Queensland registered no new locally acquired Covid cases on Wednesday after 12,829 people turned up for testing. Pictured: A health worker performs a Covid test in a pop-up clinic in August

She said immunization rates in parts of Brisbane are already above 70 percent, but she is particularly concerned about lagging vaccination rates in Ipswich, Beaudesert, Logan, the Sunshine Coast and central Queensland.

Chief Health Officer Jeannette Young said it won’t be long before the virus makes its way to Queensland.

“We will see the Delta variant come in and can’t be controlled, the only control will be the number of people who are vaccinated,” she said.

Queensland still has one of the lowest vaccination rates in the country and rivals Western Australia to be the last state to achieve 80 percent coverage.

Palaszczuk creates even more uncertainty for people who cannot visit, or are visited by, friends and relatives, Ms Palaszczuk said the borders would not necessarily open when the 80 percent target was reached.

The prime minister said booster shots, protecting children and dealing with hospital capacity issues were all part of the national reopening plan.

She vehemently denied moving the goalposts or deviating from the national plan.

“That’s not right, no, don’t put words in my mouth, that’s not exactly what I said, although, I said very clearly, we are in phase A of the national plan, we are following that national plan,” the prime minister said. .

‘Part of that national plan is booster shots, so ask the Prime Minister about the plan for the booster shots, because that’s also in the plan.
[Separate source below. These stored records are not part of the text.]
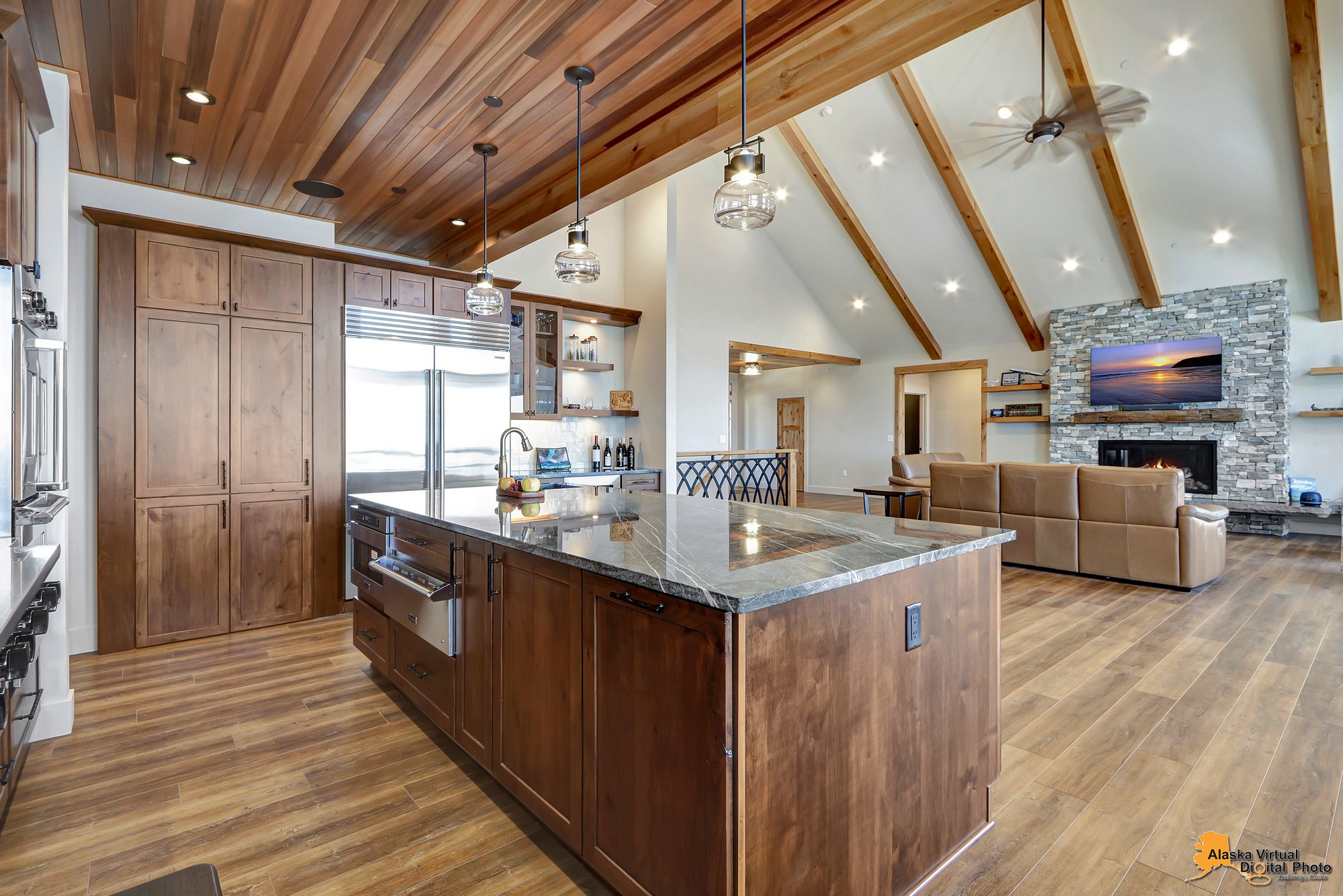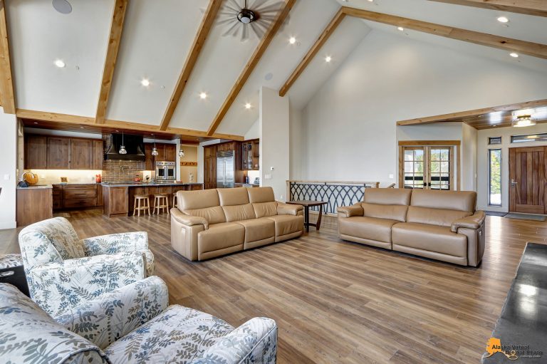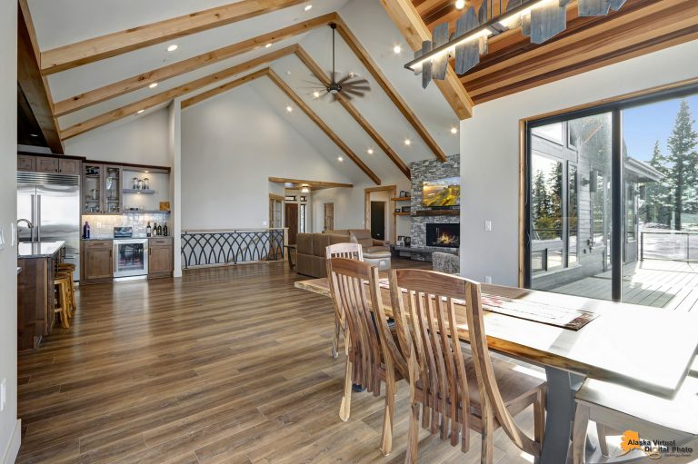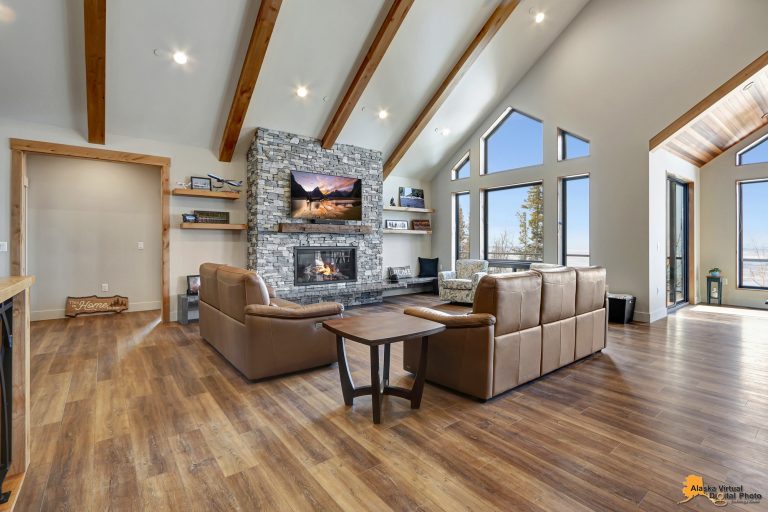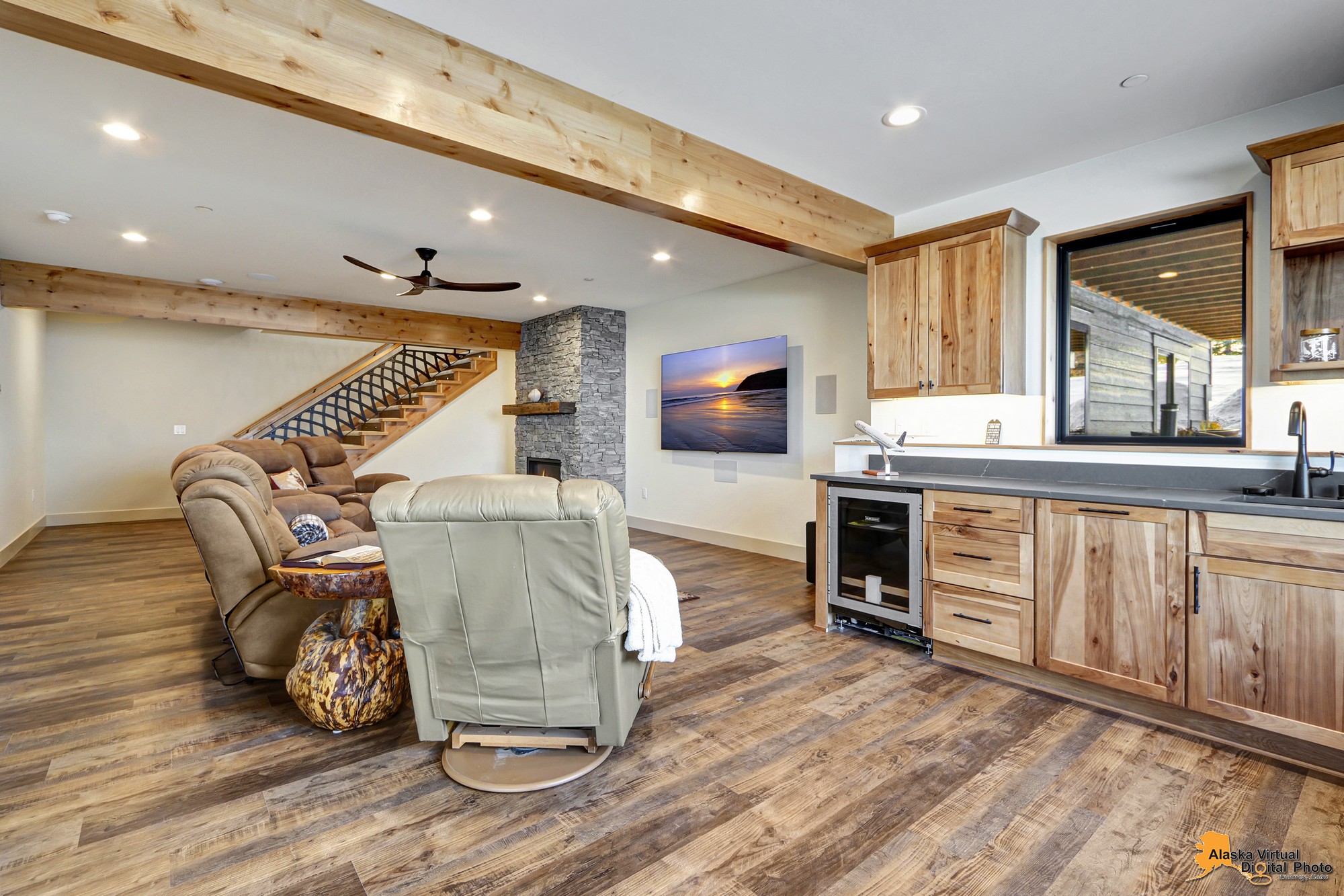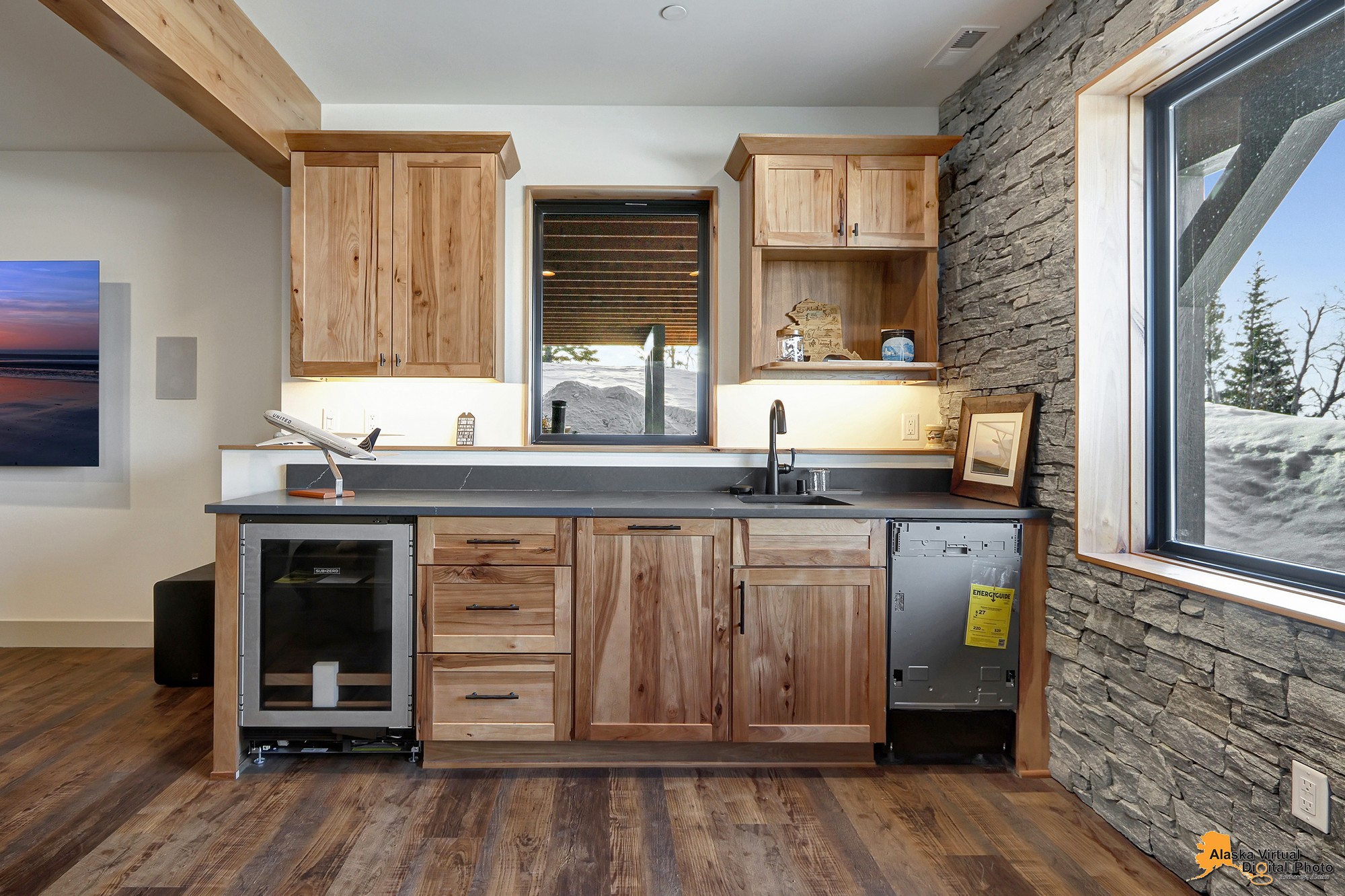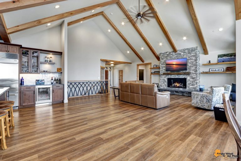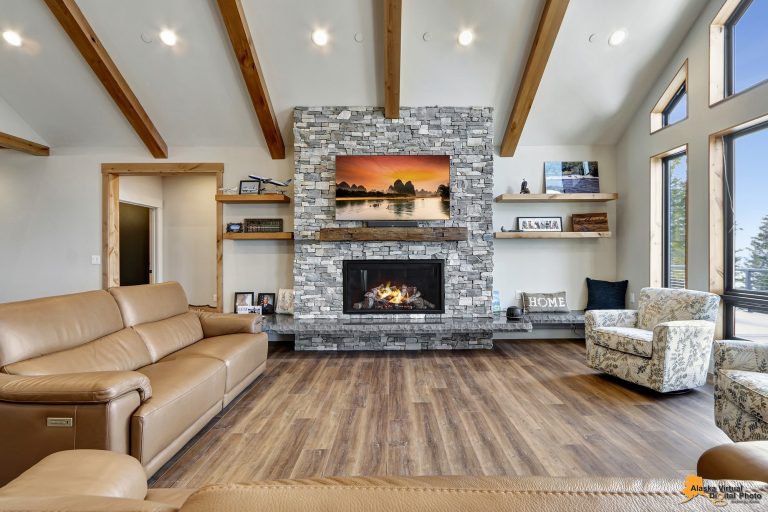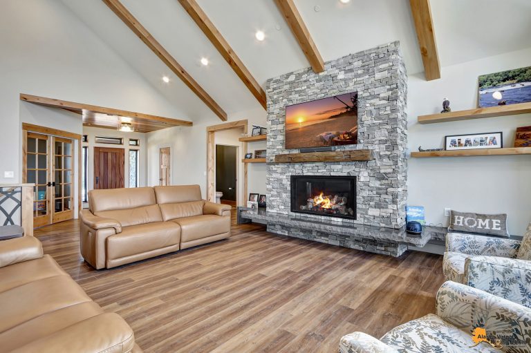 Local Stone Accents: Featuring real stone sourced from the historical goldmining town of Hope, AK, adding a piece of Alaskan history to every room.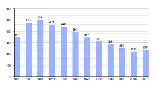 Los datos demográficos contemplados en este gráfico de la comuna de La Chapelle-Gaudin[4] se han cogido de 1800 a 1999 de la página francesa EHESS/Cassini, y los demás datos de la página del INSEE.[5]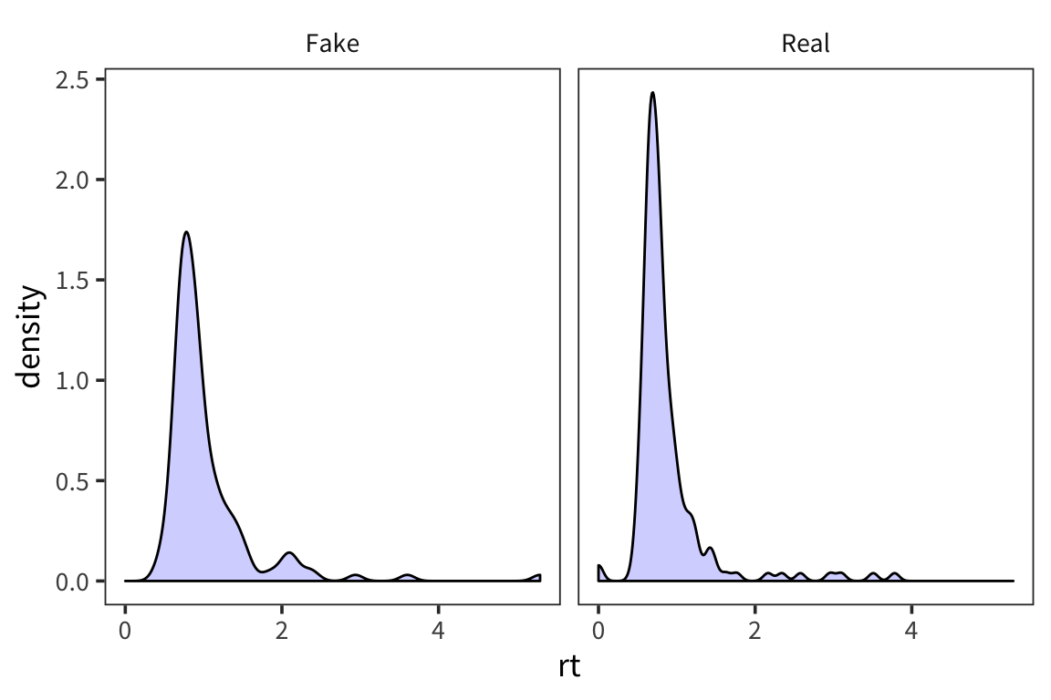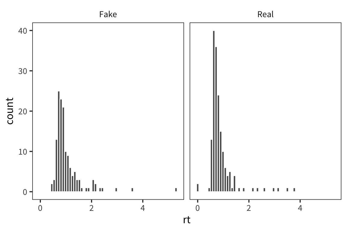 Now we want to start addressing our question about how RTs may differ for real vs. fake words. One way to do this is to split the RT data we have into Real and Fake and plot the data side by side. ggplot has an easy way to do that with facetting.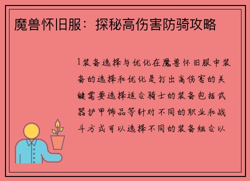 魔兽如何重置装备属性 引言 魔兽世界是一款备受玩家喜爱的大型多人在线角色扮演游戏。在游戏中,装备是玩家提升角色实力的关键之一。随着游戏版本的更新和玩家需求的变化,装备属性可能会变得不再适合当前的战斗需...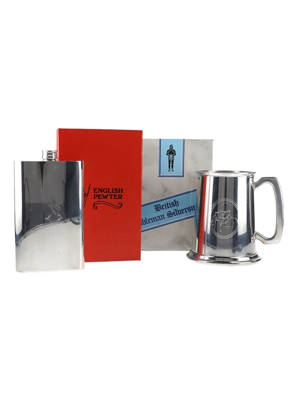 British Nobleman Pewterware Tankard & English Pewter Hip Flask Stainless Steel 15cm x 8.5cm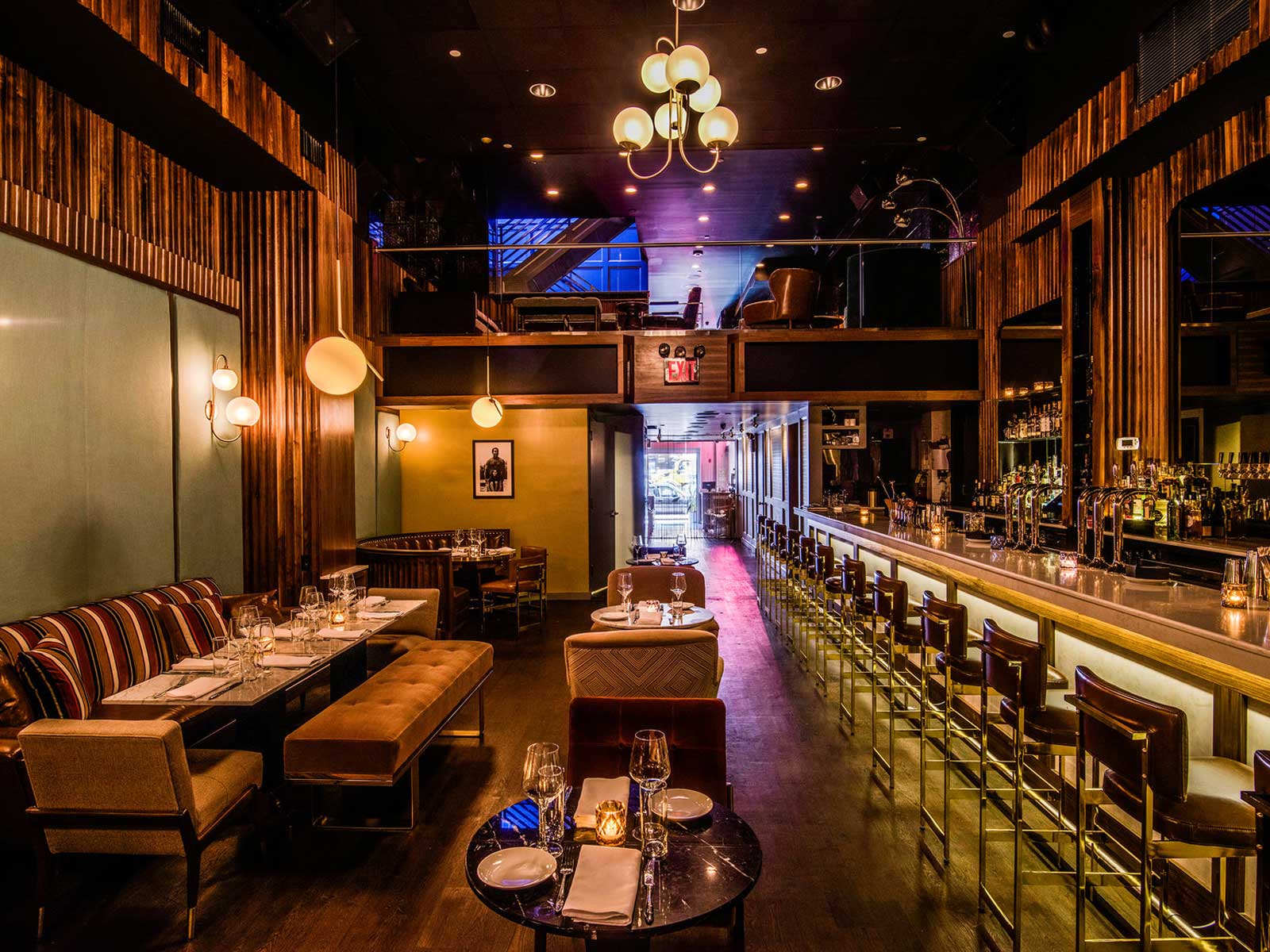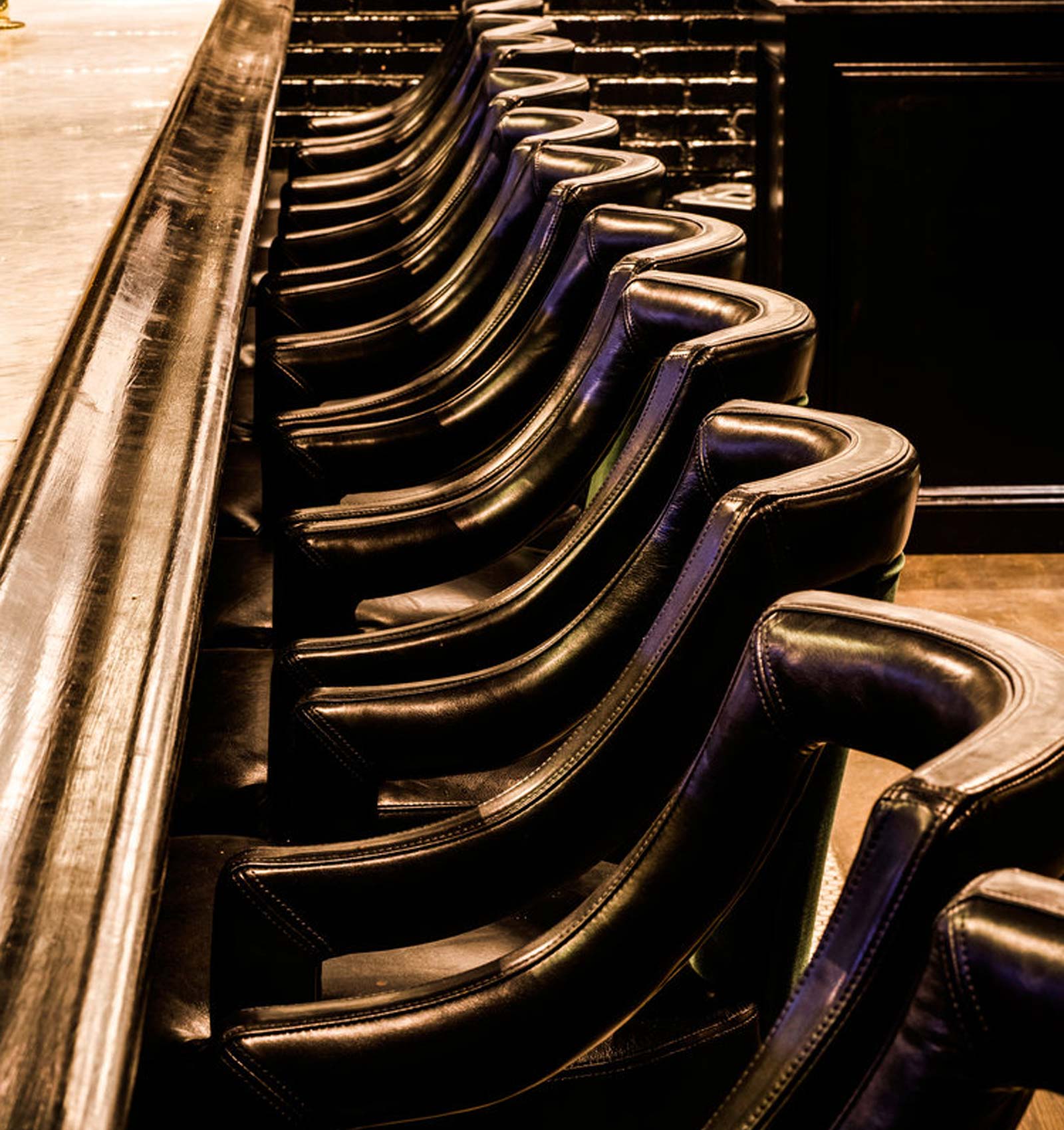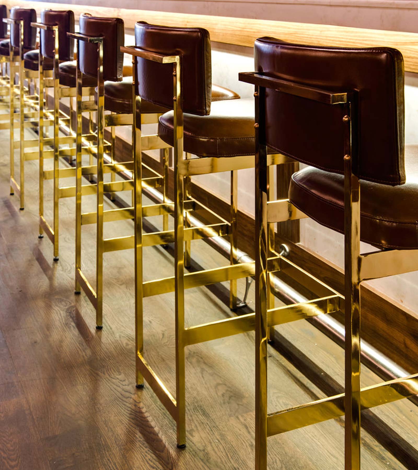 The 70s are on full display at The Vnyl, a multi-purpose space which feels residential while still having the functionality of a restaurant, event space and club. Colorful splashes abound, offset by leather-clad chairs, banquettes and barstools upholstered in fine Italian leather by Tiger.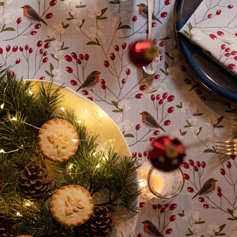 Luxury Christmas Linen-Like Tablecloth – Robin & Berries Grey – Available in 9 Sizes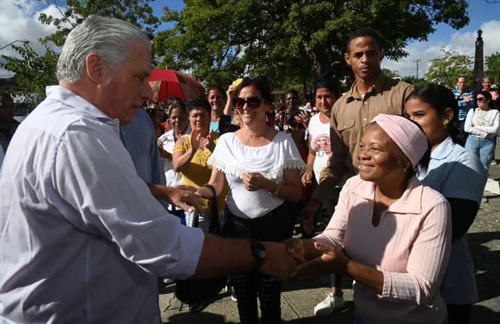 Díaz-Canel dialogó con los pobladores de la comunidad sobre la necesidad de la participación popular e indagó por el estado de los servicios básicos en la zona.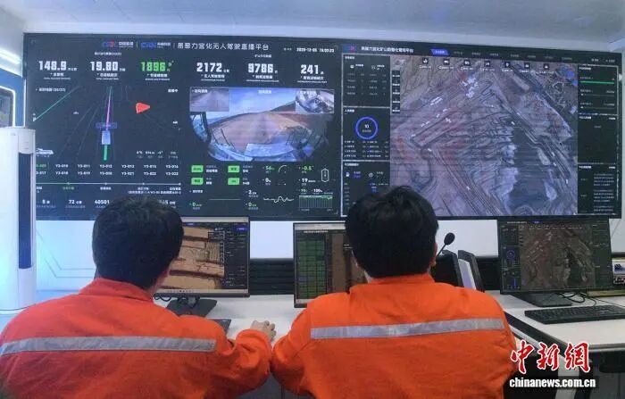 圖為李偉豪(右)和同事在操控無人礦卡。中新網記者 孫亭文 攝

The latest Delta outbreak in the state started nine days ago after employees of an airline company contracted the virus.  Pictured: Brisbane Airport, which is listed as a Covid exposure site

The latest Delta outbreak in the state started nine days ago after employees of an airline company contracted the virus. Pictured: Brisbane Airport, which is listed as a Covid exposure site

“So, you know, don’t just pick parts of the national plan, if you don’t pick other parts of the national plan.”

She said the national cabinet was still waiting for more research and modeling from the Doherty Institute and would come back in the coming weeks.

The national cabinet, she said, should release all the work it does publicly for the sake of transparency.

“It would be great if that is released publicly so that the public can see it all, as well as the heads of state,” the prime minister said.

Ms Palaszczuk said her first priority was to lift vaccination coverage so that rates were equal in different geographic areas.

She said the target was 80 percent, but the ACT has already reached 93 percent, so 80 percent shouldn’t be the ultimate goal.

“To protect the people of Queensland, I would like to see as many Queensland residents as possible vaccinated, which would reduce our risks if and when we get those outbreaks,” she added.